Within the scope of the project, one sapling will be donated for each set won in the official matches played by the volleyball teams of the club. In addition, saplings will be donated as detailed in the tournaments to be held at the provincial and Turkish level.

Each Set is a Sapling Project will start in the Regional League matches of the 2020–2021 season and will continue in the 2021–2022 season. On the club's official website, the details of the project and the situation in which saplings will be donated are announced, and there is a counter on the home page of how many saplings will be donated as of the first match.

In the 2020–2021 season, the club donated 16 saplings to be planted through OGEM, the Foundation of the General Directorate of Forestry, after 16 sets won in 6 matches played in the Regional League group and final stages.

=== Aid to village schools social responsibility project ===
The social responsibility project initiated by the club in 2014 reached the ninth village school in 2021. After the 2021 pandemic, with the start of face-to-face education of village schools, the Social Responsibility project of Material Support for Village Schools has provided the aid of 2021 to the village school Eyyübiye Bulduk Primary School, 45 km away from Şanlıurfa, through the Village School Aid Project Association.

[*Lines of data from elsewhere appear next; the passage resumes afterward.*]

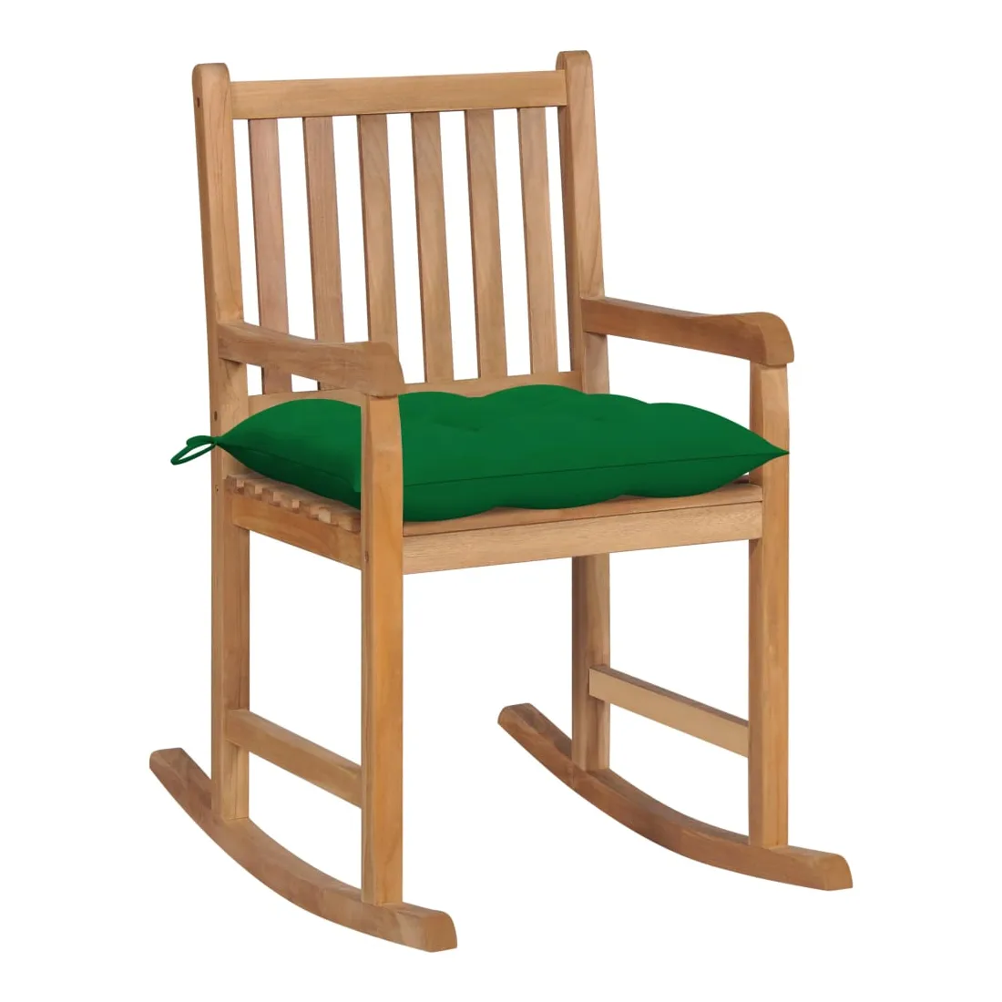 Cette chaise à bascule en bois sera un choix parfait pour profiter de votre temps libre. Elle est idéale pour usage à l'intérieur et l'extérieur. Fabriquée en bois dur de teck extrêmement durable, cette pièce de meuble en teck a été chevronnée, séchée au four puis finement poncée pour lui donner un aspect très lisse. Le bois de teck est connu pour sa résistance exceptionnelle aux intempéries, ce qui le rend bien plus adapté aux meubles de jardin que tout autre type de bois. Le bois de teck est le choix idéal si vous souhaitez acheter un meuble de jardin durable. Le dossier et l'assise à lattes peuvent offrir un excellent soutien. C'est le meilleur siège pour discuter, lire, regarder la télévision ou simplement vous détendre ! Le coussin inclus est pratique et a une fonction décorative.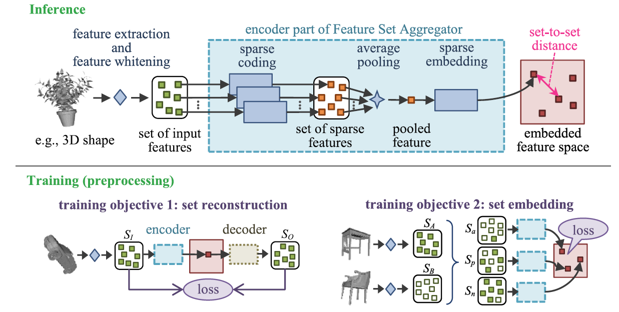 Takahiko Furuya, Ryutarou Ohbuchi, Feature set aggregator: unsupervised representation learning of sets for their comparison, Multimedia Tools and Applications, 78, 35157–35178 (2019), DOI: 10.1007/s11042-019-08078-y (PDF)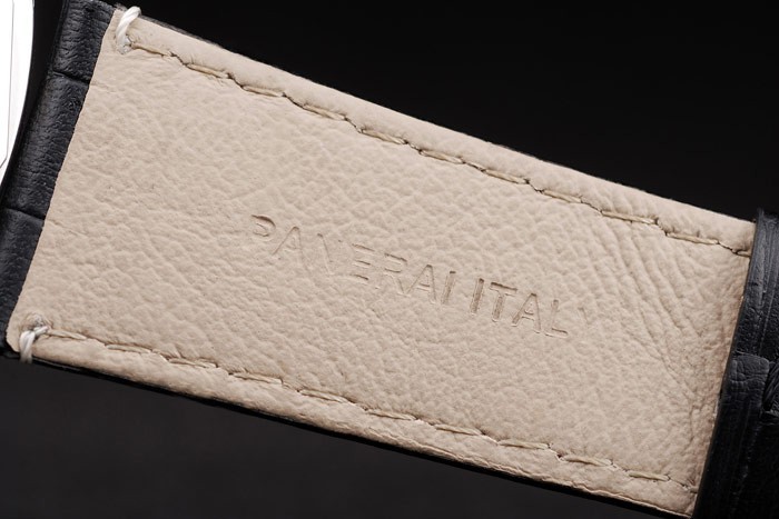 Bransoletka: Czarny skórzany pasek krokodyla z białym szwem i wytłoczonymi warsztatami Haei Włochy i szczotkowane zapięcie ze stali nierdzewnej z grawerowaniem panerai

Material supported schools
| Year | Ci̇ty | Town | School name |
|---|---|---|---|
| 2014 | Şırnak | Cizre | Cizre Science High School |
| 2015 | Van | Gevaş | Yunus Emre Primary School |
| 2016 | Şırnak | Beytüşşebap | Aşağıdere Primary School |
| 2017 | Bingöl | Solhan | Bölge Boarding school |
| 2019 | Batman | Kozluk | Girls Primary School |
| 2019 | Diyarbakır | Ergani | Makam Dağı Anatolian High School |
| 2020 | Muş |  | Bağlar Köyü Bağlar Primary School |
| 2020 | Muş |  | Selahaddin Eyyubi Anatolian High School |
| 2021 | Şanlıurfa | Eyyubiye | Bulduk Primary School |

=== Other social responsibility projects ===
Except for material support to village schools, the club has not been affected by natural disasters and accidents, etc. It comes to the fore with the help it provides in social events.

After the mining disaster in Soma in 2014, the club's volleyball team played their first official match in the BLACK jersey with the #SOMA written on it.

The club made these projects in 2020, the assistance it provided to the children of Siirt who built a volleyball court with the car tires they bought from the gas station, the pandemic was intensively provided to healthcare personnel during night shifts, to donate saplings for the forests damaged by the forest fire in Hatay, İzmir and Elazığ. He continued with his help in the earthquakes that occurred in.